Zwar kann man Wachstum nicht auf Null senken, weil ohne Gewinn niemand investiert. Denn jede Investition ist mit einem Risiko behaftet, für das es ein Entgelt geben muss. Doch 1,8% Wachstum würden reichen, langfristig auch weniger, um Umwelt und Ressourcen zu schonen, hat Prof. Hans Christoph Binswanger, „Erfinder“ der Ökosteuer und Buchautor „Die Wachstumsspirale“, errechnet. Auch ist eine Übereinstimmung der Produktion und des Konsumverhaltens mit der ökologischen Notwendigkeit erforderlich. Insoweit enthalten teilweise die Konjunkturprogramme der Regierung mit ihren Geldern für Investitionen in Umweltschutz, Energiesparprogramme und Gebäudesanierung, öffentlichen Nahverkehr oder Bildungseinrichtungen immerhin eine sinnvolle Umsteuerung im Sinne der Nachhaltigkeit. Denn Energie, Trinkwasser und Rohstoffe bleiben knapp.

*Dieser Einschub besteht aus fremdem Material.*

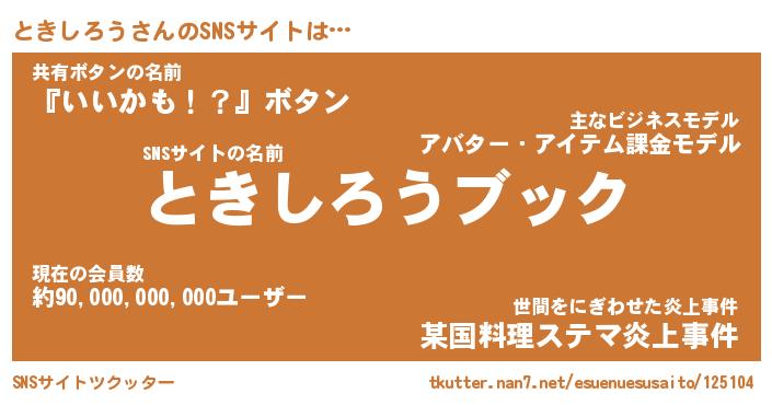 | 胡散臭い通販商品みたいなあだ名 | 『億万長者になれる霊験あらたかなお札…その名も「ときしろう」』 |
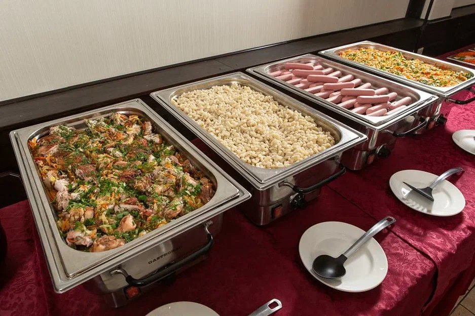 - 5-ти разовое питание по системе Шведский стол (Три основных приёма пищи и два промежуточных),
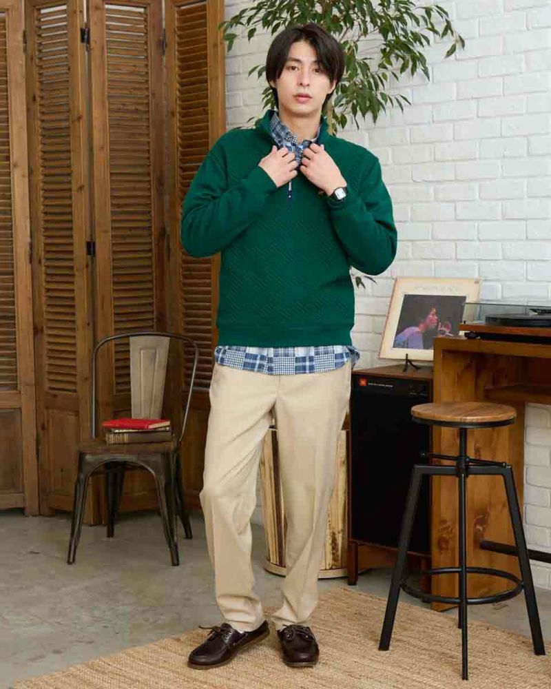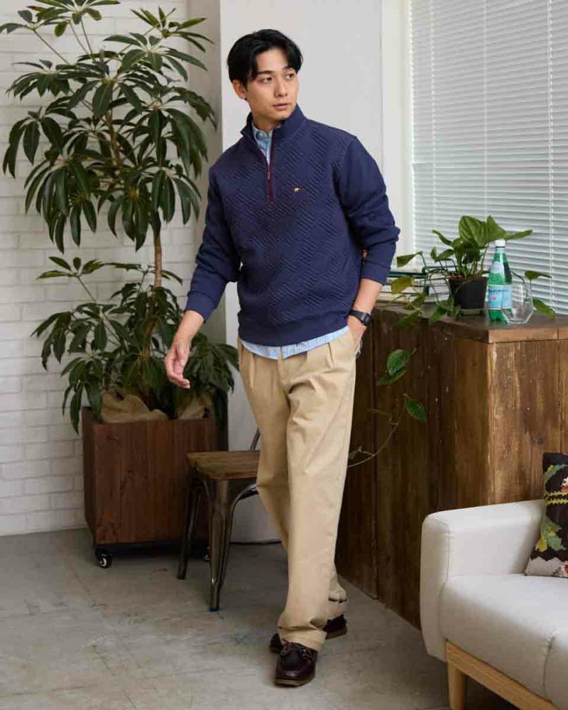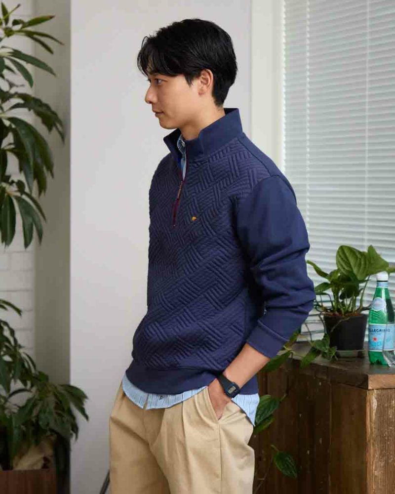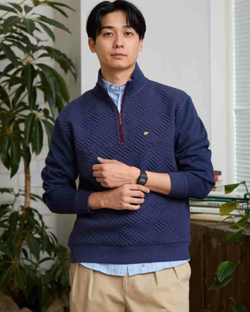 ハーフZIP仕様のスウェットです。前身頃はフクレジャカードで幾何学柄を立体的に表現しました。後身頃、袖はダンボールニット生地を使用しています。様々なコーディネートに着合わせしやすいスウェットです。 モデル身長: 180 cm 着用サイズ: L サイズ 同デザイン通常サイズはこちら Golden Bear KING SIZE(Men's 大きいサイズ) カットソー (Men's) 【着用アイテム】314RC204 ストライプシャツ 314RC207 パッチワークシャツ 314R8702 デニム 314RC700 ワイドチノ
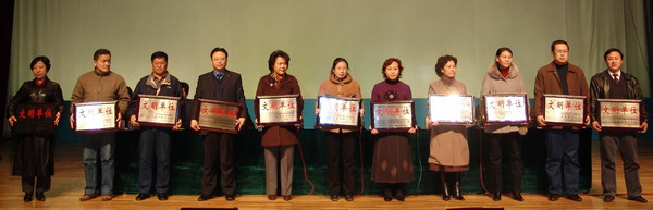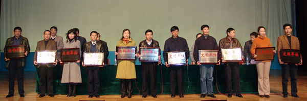 在主席台就座的学校及市文明办领导为荣获校级文明单位标兵和文明单位的代表颁发了奖牌。
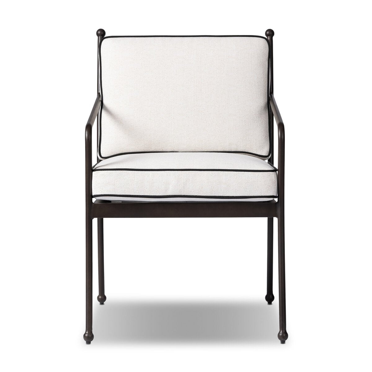 Movement-driven shaping — with double seat cushioning for sink-in comfort — this outdoor dining armchair brings a modern, French Deco-inspired look to the patio. Traditional vertical slats on the back pair with small finial details on the feet for a unique take on traditional. Cover or store inside during inclement weather and when not in use.
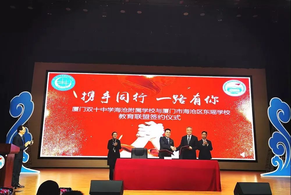 2020年12月,在海滄區(qū)教育局的指導(dǎo)和支持下,東瑤學(xué)校與雙十海附牽手成功,正式結(jié)成教育聯(lián)盟,就此開啟了兩校在管理機(jī)制、人才培養(yǎng)、教學(xué)科研等方面的長(zhǎng)期深入合作交流。
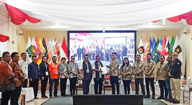 Foto: Bakal calon Bupati dan Wakil Bupati Talaud Moktar Arunde Parapaga-Ade Yezwa Sahea mendaftar di…
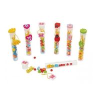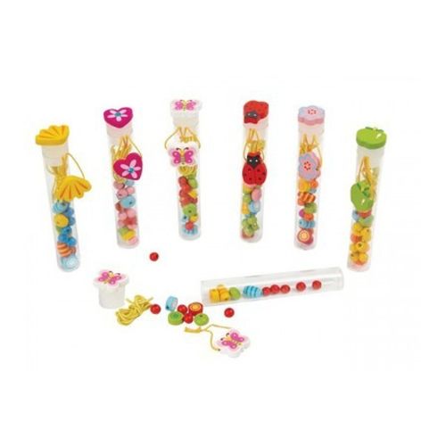 Koraliki drewniane w tubie. W zestawie 18 elementów.
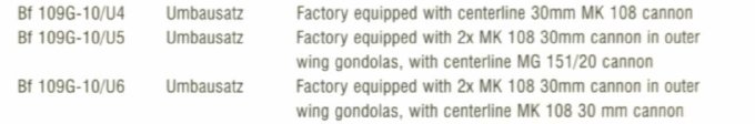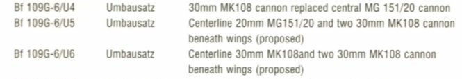 sevenless Posted December 16, 2018 Author Posted December 16, 2018 (edited) 10 hours ago, LukeFF said: Also, the image in your first post is of a testbed aircraft - it has its Stammkennzeichen applied on the fuselage sides, which was done at the factory. That lettering wasn't used on frontline aircraft. It may very well never have been operational and only in testing in Rechlin, but later on discarded for operational use. Wasn´t able to dug out one single pic of a operational unit with those 30mm gondolas. As for designation: /U4 really meant only the central motorcannon. Gondola modifications were according to Lynn Ritger, SAM Publications 2007 designated as follows: Edited December 16, 2018 by sevenless
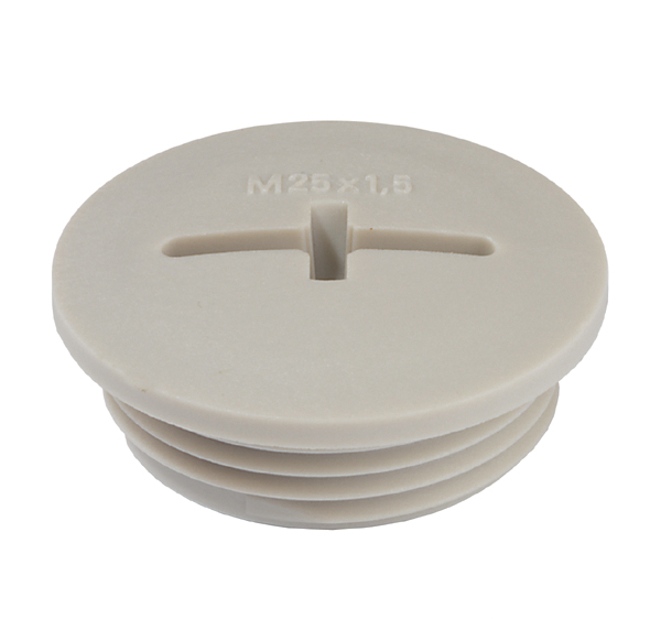 Verschlussschraube, zum sicheren Verschließen von nicht genutzten Gewinde- oder Durchgangslöchern. Glasfaserverstärkt, schlagfest, UV-beständig, halogenfrei, Farbe lichtgrau.

Für die Zukunft brauchen wir den besten ökonomischen und sozialen Sachverstand für den Entwurf eines funktionierenden Wirtschaftsmodells mit Realitätssinn, bei dem der verantwortlich handelnde Mensch als Wirtschaftsakteur nicht länger ausgeklammert oder auf seine bloße Konsumentenfunktion reduziert wird. Und wir müssen begreifen, dass exponentielles Wachstum in einer endlichen Welt nicht endlos weitergehen kann, denn nur immaterielles Wachstum geht immer weiter: Wir können uns unendlich fortbilden und geistig weiterentwickeln, solange wir uns wirtschaftlich vernünftig verhalten, ohne die Lebensgrundlagen und die aufeinander angewiesene Menschengemeinschaft aus materialistischer oder egoistischer Gesinnung zu zerstören.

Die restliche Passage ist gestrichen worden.